**What to do**
An exact copy of every entry is needed, without the pictures.

Source data
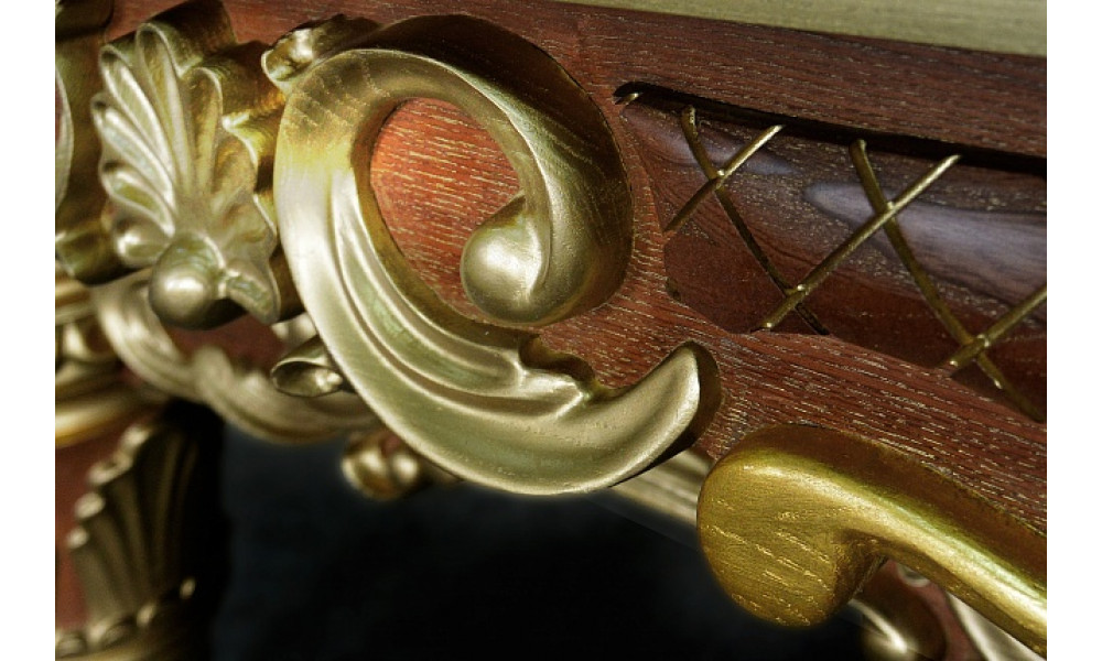 Бильярдный стол «Ренессанс-Лайт Голд» — создан для роскошных и пышных интерьеров. Декор стола наполнен духом эпохи Ренессанса. Выразительная выкраска стола выполняется вручную, в авторской технике с помощью нанесения золотой потали и золочения сусальным золотом.
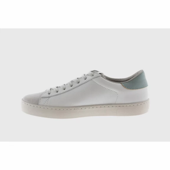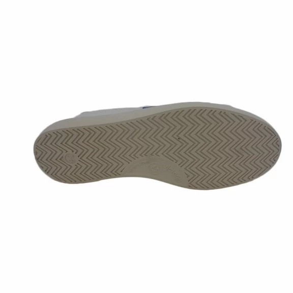 Las zapatillas Victoria 1126142 están elaboradas en cuero 100% de color beige con la puntera de serraje y los detalles verde en la V de Victoria y el talón que le dan un toque de color.
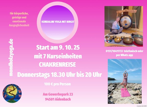 Yogastunde für Anfänger und Mittelstufe. Wir stärken Bauch, Beine, Po und arbeiten an unserer Ausdauer. Kosten: 18,- €/Person Anmeldung unter: 0174 - 6118144 Zusätzliche Stunden: Montag und Donnerstag auf Anfrage Infos...
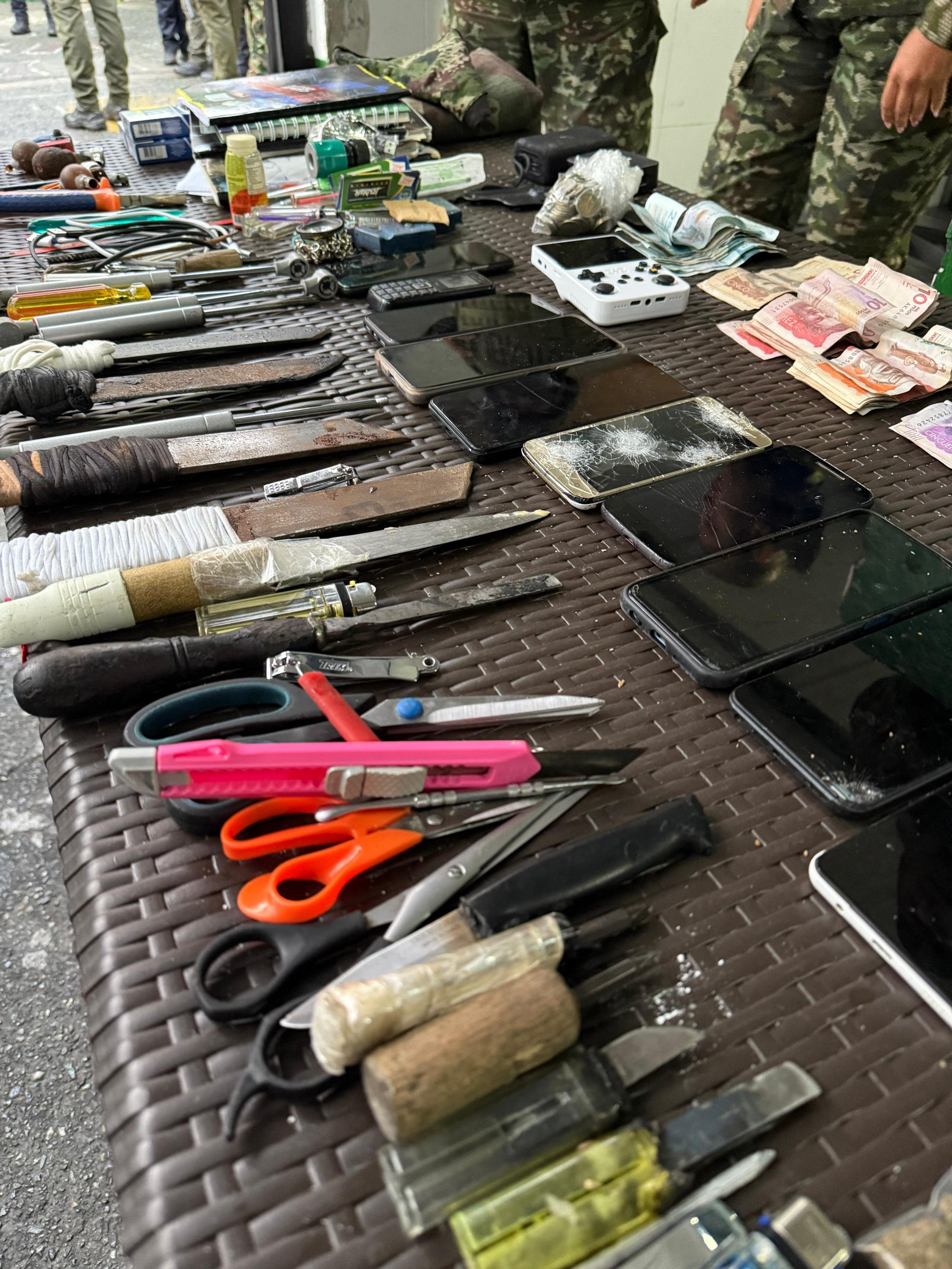 Durante la intervención, las autoridades incautaron 10 teléfonos celulares, 30 armas blancas, dinero en efectivo y 12 cuadernos con información que podría estar relacionada con extorsiones y la coordinación de actividades delictivas.
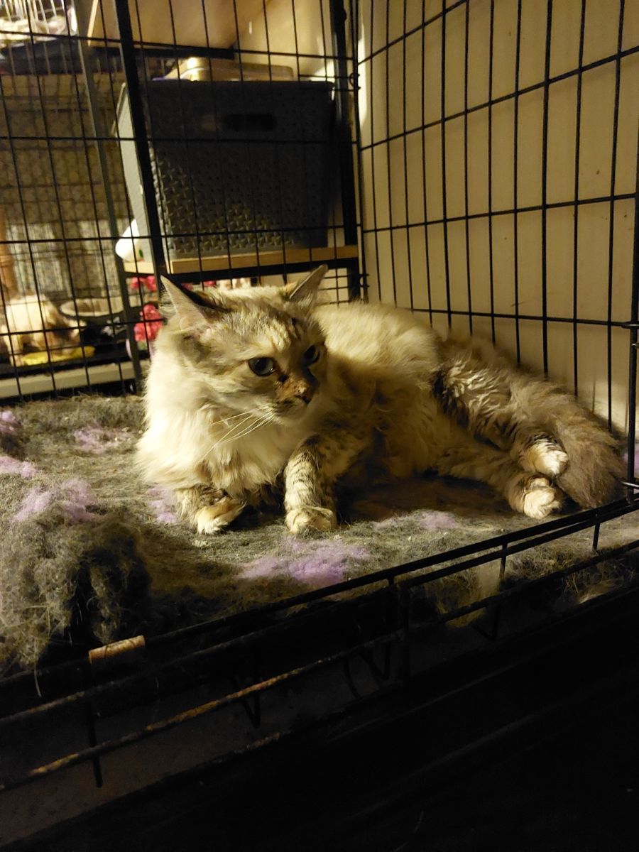 She was rehomed about 4 years ago and has found herself back in care a few months ago due to her owner passing away. she wasn't too happy about that, but she's come good now she's quite friendly and happy she doesn't need to be in the cage that she's in or the enclosure , but she's happy in there, the door is always open and she does come out and sit on the back of the lounge at times because she feels nice and cosy and safe in there. Missy has the most gorgeous ice blue eyes you can't really see it from the pic she s listed as a long hair smoke point torti, she does enjoy a Pat and I'm sure that in the right situation she'd be the most loving cat, her previous owner has passed away as I said The family although they couldn't keep her and take them with her interstate you can tell she was a really loved cat where she was. To find out a bit more about missy or to meet her please text missy to this number 040661239 include your location and a little bit about yourself....she's very good with otger cats around her and she doesn't seem to be worried about dogs she will let you Pat her but on her terms but as I said she is getting better and better every day and much more comfortable it's a big upheaval for these poor animals when they moved and my hope to find her another loving home asap

**Answer for the task**
 Бильярдный стол «Ренессанс-Лайт Голд» — создан для роскошных и пышных интерьеров. Декор стола наполнен духом эпохи Ренессанса. Выразительная выкраска стола выполняется вручную, в авторской технике с помощью нанесения золотой потали и золочения сусальным золотом.
 Las zapatillas Victoria 1126142 están elaboradas en cuero 100% de color beige con la puntera de serraje y los detalles verde en la V de Victoria y el talón que le dan un toque de color.
 Yogastunde für Anfänger und Mittelstufe. Wir stärken Bauch, Beine, Po und arbeiten an unserer Ausdauer. Kosten: 18,- €/Person Anmeldung unter: 0174 - 6118144 Zusätzliche Stunden: Montag und Donnerstag auf Anfrage Infos...
 Durante la intervención, las autoridades incautaron 10 teléfonos celulares, 30 armas blancas, dinero en efectivo y 12 cuadernos con información que podría estar relacionada con extorsiones y la coordinación de actividades delictivas.
 She was rehomed about 4 years ago and has found herself back in care a few months ago due to her owner passing away. she wasn't too happy about that, but she's come good now she's quite friendly and happy she doesn't need to be in the cage that she's in or the enclosure , but she's happy in there, the door is always open and she does come out and sit on the back of the lounge at times because she feels nice and cosy and safe in there. Missy has the most gorgeous ice blue eyes you can't really see it from the pic she s listed as a long hair smoke point torti, she does enjoy a Pat and I'm sure that in the right situation she'd be the most loving cat, her previous owner has passed away as I said The family although they couldn't keep her and take them with her interstate you can tell she was a really loved cat where she was. To find out a bit more about missy or to meet her please text missy to this number 040661239 include your location and a little bit about yourself....she's very good with otger cats around her and she doesn't seem to be worried about dogs she will let you Pat her but on her terms but as I said she is getting better and better every day and much more comfortable it's a big upheaval for these poor animals when they moved and my hope to find her another loving home asap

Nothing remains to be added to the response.